Task prompt: Begin your copy at the line with "Tekmanlı minik sporcular, İlçe" in the records below and end it at the line with "PRZEWÓD DOLNY CHŁODNICY", restating each line word for word; omit the pictures.

---------- Source material

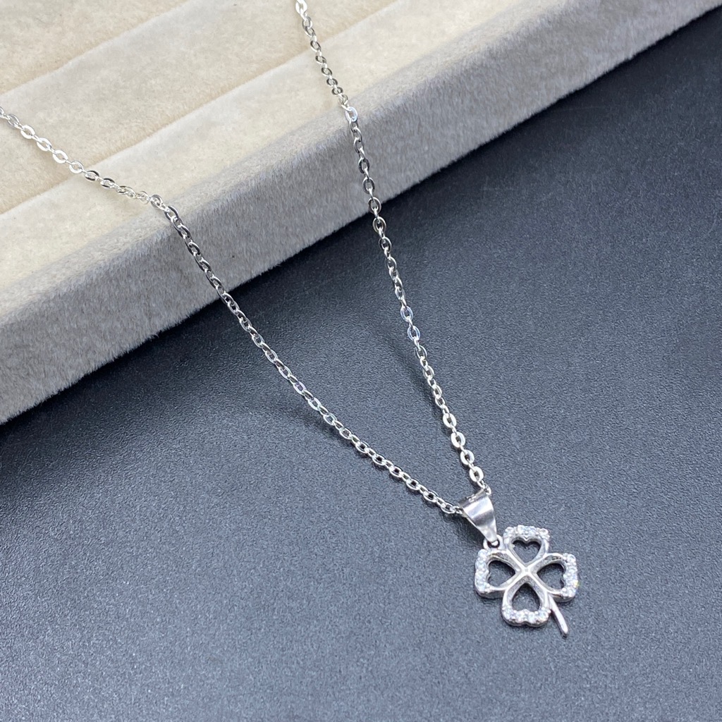 Dây Chuyền Bạc 925 Kiểu Dây Xoắn Kép Cỏ 4 Lá May Mắn Chính Hãng Bạc Hiểu Minh DMD517
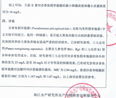 这一重要实验成果,验证了大蒜E素对鱼类养殖过程中抑菌杀菌的有效性和经济性,为践行国家农业农村部全面推行的饲料“禁抗令”、维护动物源食品安全和公共卫生安全贡献了有效、经济且绿色安全的解决方案。
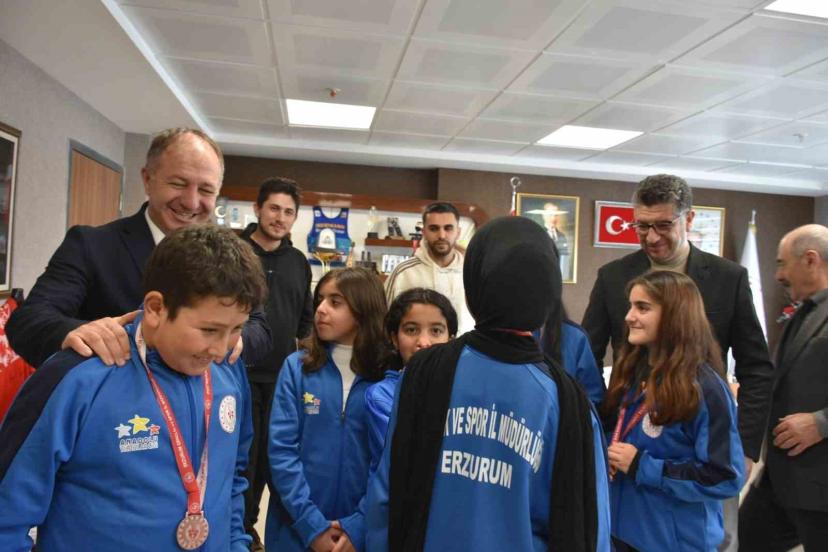 Tekmanlı minik sporcular, İlçe müdürü Fatih Arslan, antrenör Can Taşkıran ve İlçe Gençlik Spor personeli Emrah Nalkiran ile birlikte Erzurum Gençlik ve Spor İl Müdürü Levent Çakmur’u da ziyaret ettiler.
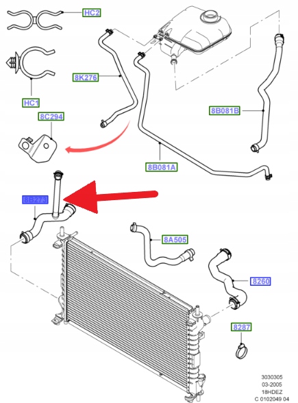 PRZEWÓD DOLNY CHŁODNICY 1.8 ZETEC FORD CONNECT 04- 1365998 _ 4T16-8B273-GA
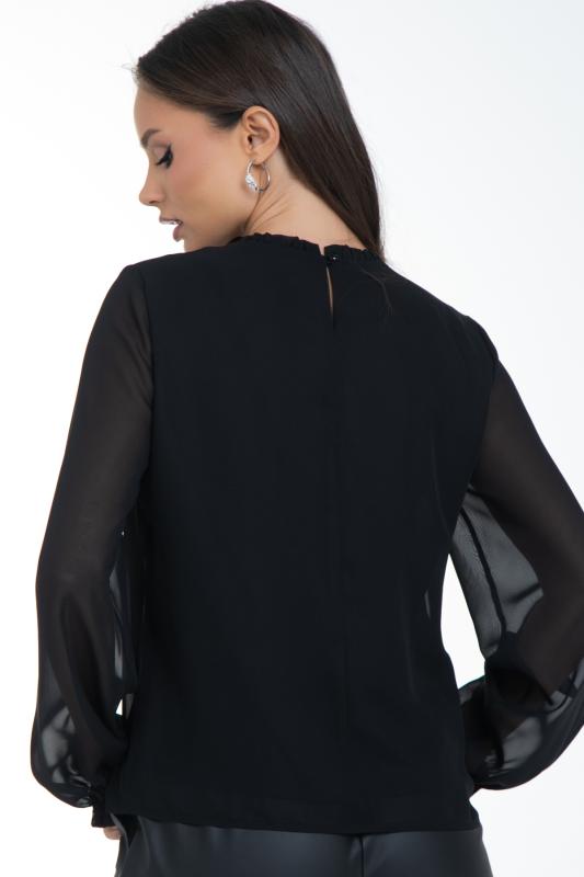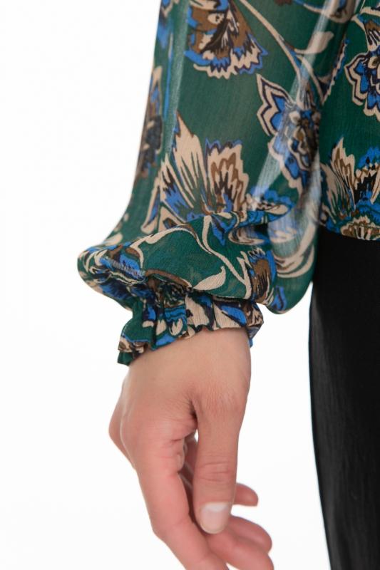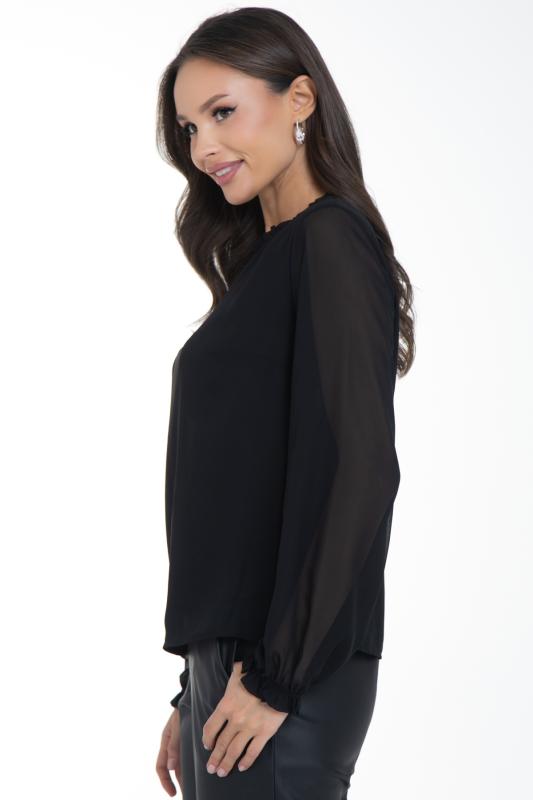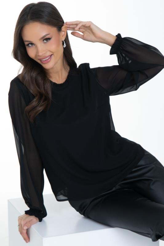 Очаровательная свободная шифоновая блузка, подчеркивающее женственность - отличное решение на каждый день или на праздник для современной стильной женщины. Шикарная модель с объемными длинными рукавами выполнена из высококачественного шифона. Круглая горловина оформлена рюшей с застежкой на пуговицу на спине. Нежная блузка из шифона на трикотажном подкладе, по переду сделаны вытачки на грудь, рукава втачные, пышные, длинные, снизу собраны на резинку.

--------------------

Expected output:
 Tekmanlı minik sporcular, İlçe müdürü Fatih Arslan, antrenör Can Taşkıran ve İlçe Gençlik Spor personeli Emrah Nalkiran ile birlikte Erzurum Gençlik ve Spor İl Müdürü Levent Çakmur’u da ziyaret ettiler.
 PRZEWÓD DOLNY CHŁODNICY 1.8 ZETEC FORD CONNECT 04- 1365998 _ 4T16-8B273-GA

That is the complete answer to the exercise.